--- Raw data ---

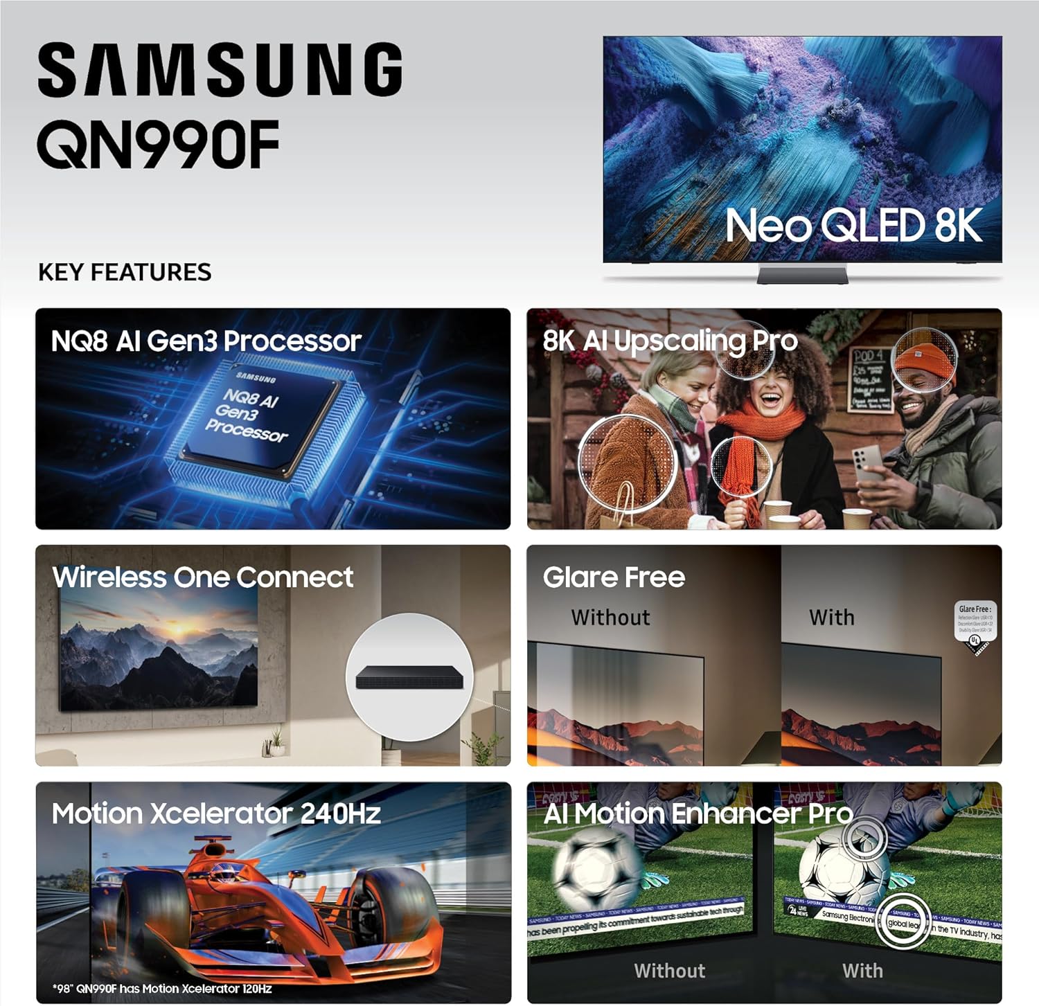 OUR MOST ADVANCED AI-POWERED 8K PROCESSOR: Powers the best AI-enhanced 8K TV experience from Samsung. It optimizes your content so your movies, sports and video games look incredible, no matter what you watch.*
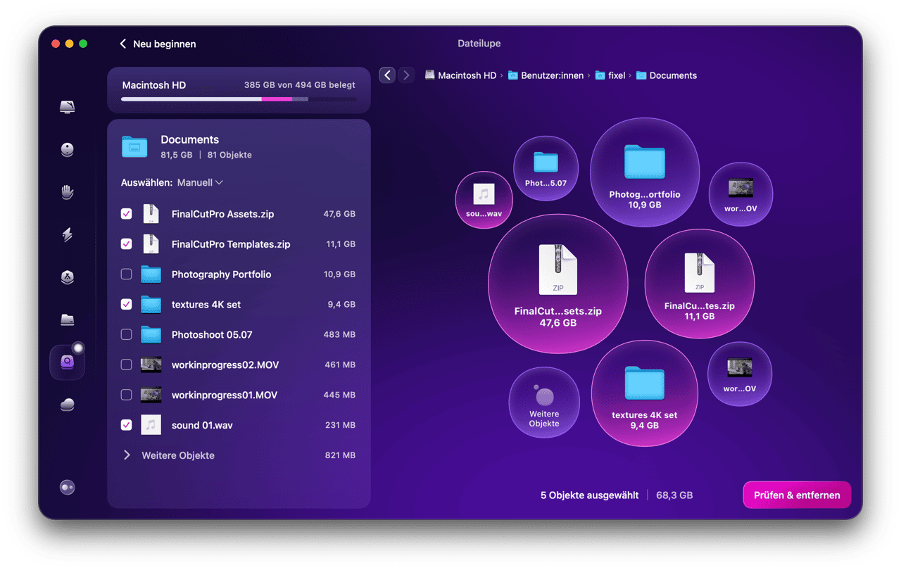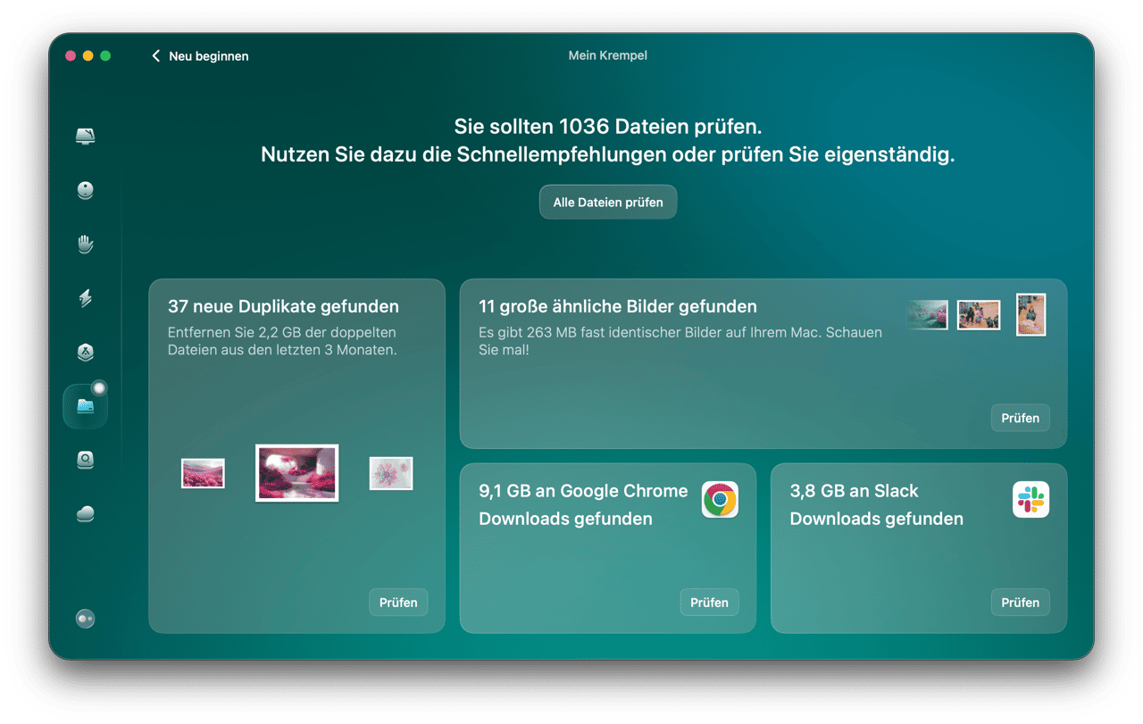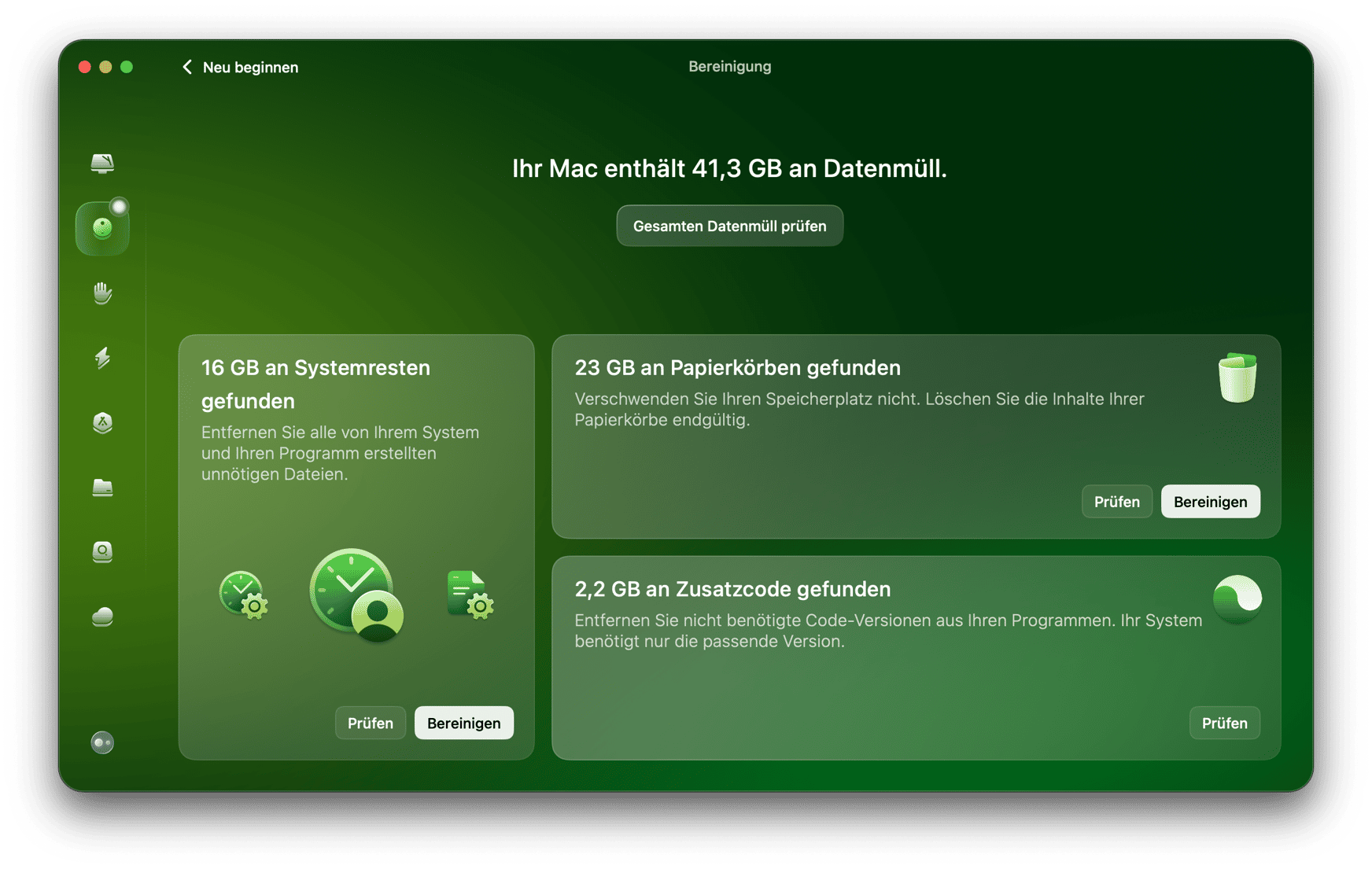 Beseitigen Sie den größten Teil nicht benötigter Systemdateien, versteckten Datenmülls, fehlerhafter Downloads und 20 weiterer Arten von Datenmüll. Holen Sie sich den zusätzlichen Platz für die wichtigen Dinge.
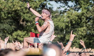 Surprise à nouveau quand j’arrive un peu en retard à cause d’une interview un peu chahuteuse avec les Wampas, car je retrouve tous mes potes en train de se trémousser devant ce groupe totalement inconnu de moi. Ils me disent que c’est génial et j’avoue que ce que j’entends me plaît aussi beaucoup. Pourtant sur le papier, et sous le style rap rock, je dois avouer que les Américains n’avaient pas retenu mon attention. Il faut dire qu'avec leurs trois chanteurs, style rap, un gars qui gère des machines, en plus d’un bassiste, d’un guitariste aux riffs ravageurs et d’un batteur, ils avaient de quoi surprendre. Apparemment ils sont entrés sur scène avec des masques, qu’ils ont rapidement tombés... j’ai raté ça. Tantôt très Linkin Park, tantôt POD ou bien encore Eminem, ou carrément indus, le groupe peut se féliciter d’avoir fait sauter sur place le Hellfest au son de leur rap metal.
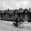 Het kazernegebouw van de Koninklijke Marechaussee met op de fiets Louis de Rijck. Het bouwjaar van de kazerne is 1900. |
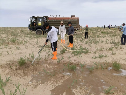 在年均降水量仅120毫米、蒸发量超2000毫米的民勤县,“小胡杨”团队走进防沙治沙纪念馆、节水科技馆等,从历史照片与当代治沙成果的对比中,读懂了从“沙逼人退”到“绿进沙退”的变化,更深刻领悟“确保民勤不成为第二个罗布泊”的生态使命。在民勤县种林公益发展中心公益林,负责人仲麟现场示范了梭梭苗养护技术。在工作人员的指导下,队员们顶着高温完成了挖坑、浇水、覆土等工序,切身感受治沙人的艰辛与不易。
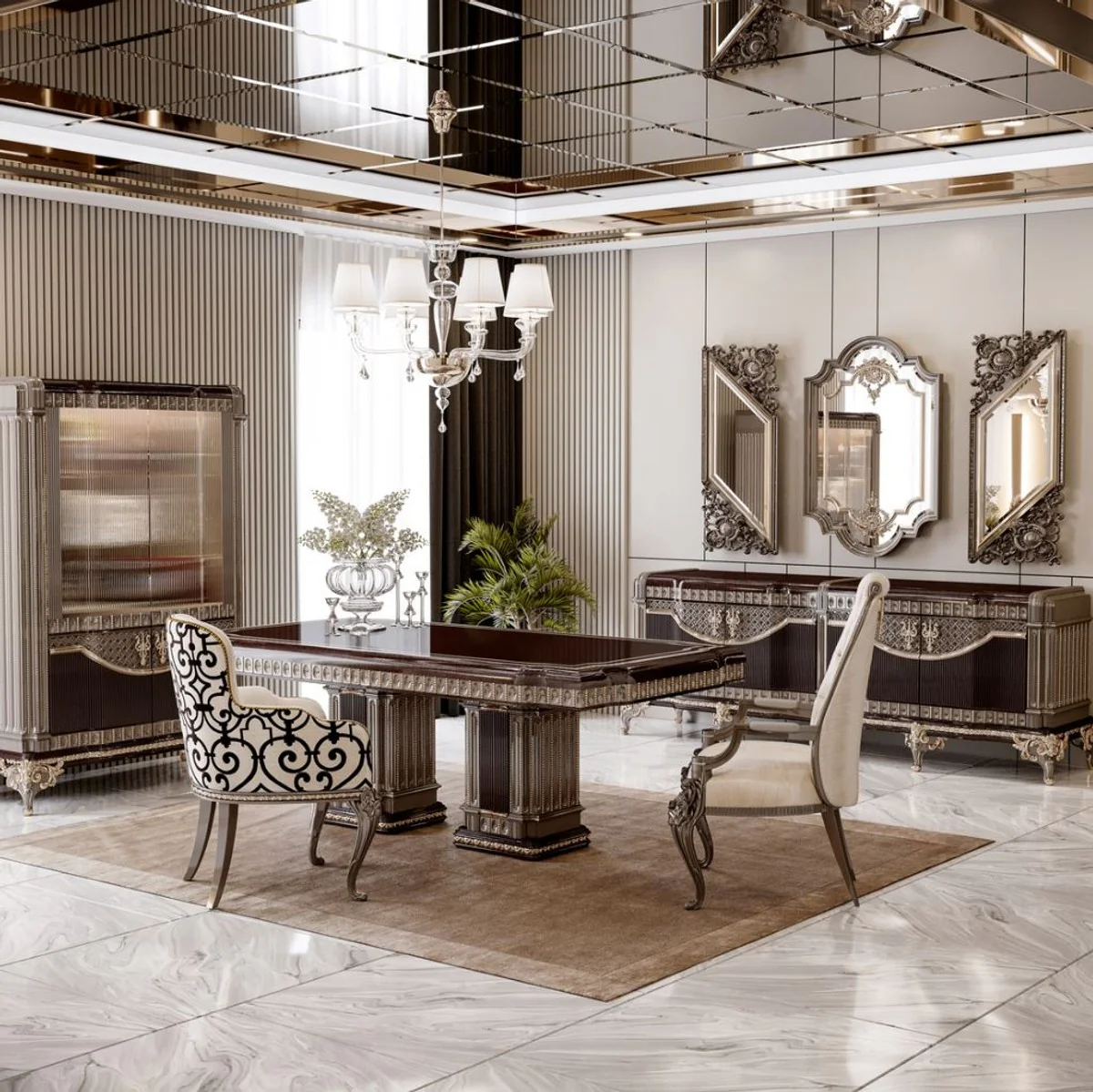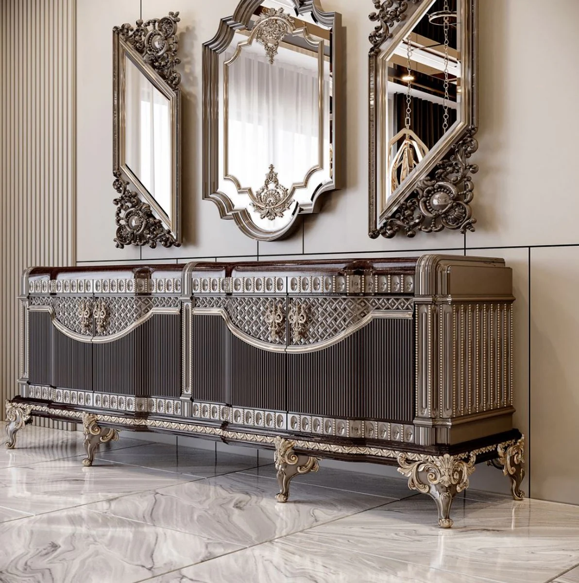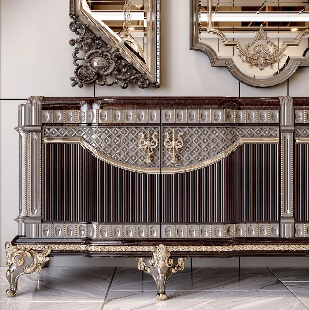 Casa Padrino aparador barroco de lujo y 3 espejos marrón oscuro / gris / oro

---

■ Task to complete:
The reply should consist only of the lines running from the one with "Het kazernegebouw van" through the end of the material, both included, copied exactly; please omit pictures.

■ Solution to this exercise:
 Het kazernegebouw van de Koninklijke Marechaussee met op de fiets Louis de Rijck. Het bouwjaar van de kazerne is 1900. |
 在年均降水量仅120毫米、蒸发量超2000毫米的民勤县,“小胡杨”团队走进防沙治沙纪念馆、节水科技馆等,从历史照片与当代治沙成果的对比中,读懂了从“沙逼人退”到“绿进沙退”的变化,更深刻领悟“确保民勤不成为第二个罗布泊”的生态使命。在民勤县种林公益发展中心公益林,负责人仲麟现场示范了梭梭苗养护技术。在工作人员的指导下,队员们顶着高温完成了挖坑、浇水、覆土等工序,切身感受治沙人的艰辛与不易。
 Casa Padrino aparador barroco de lujo y 3 espejos marrón oscuro / gris / oro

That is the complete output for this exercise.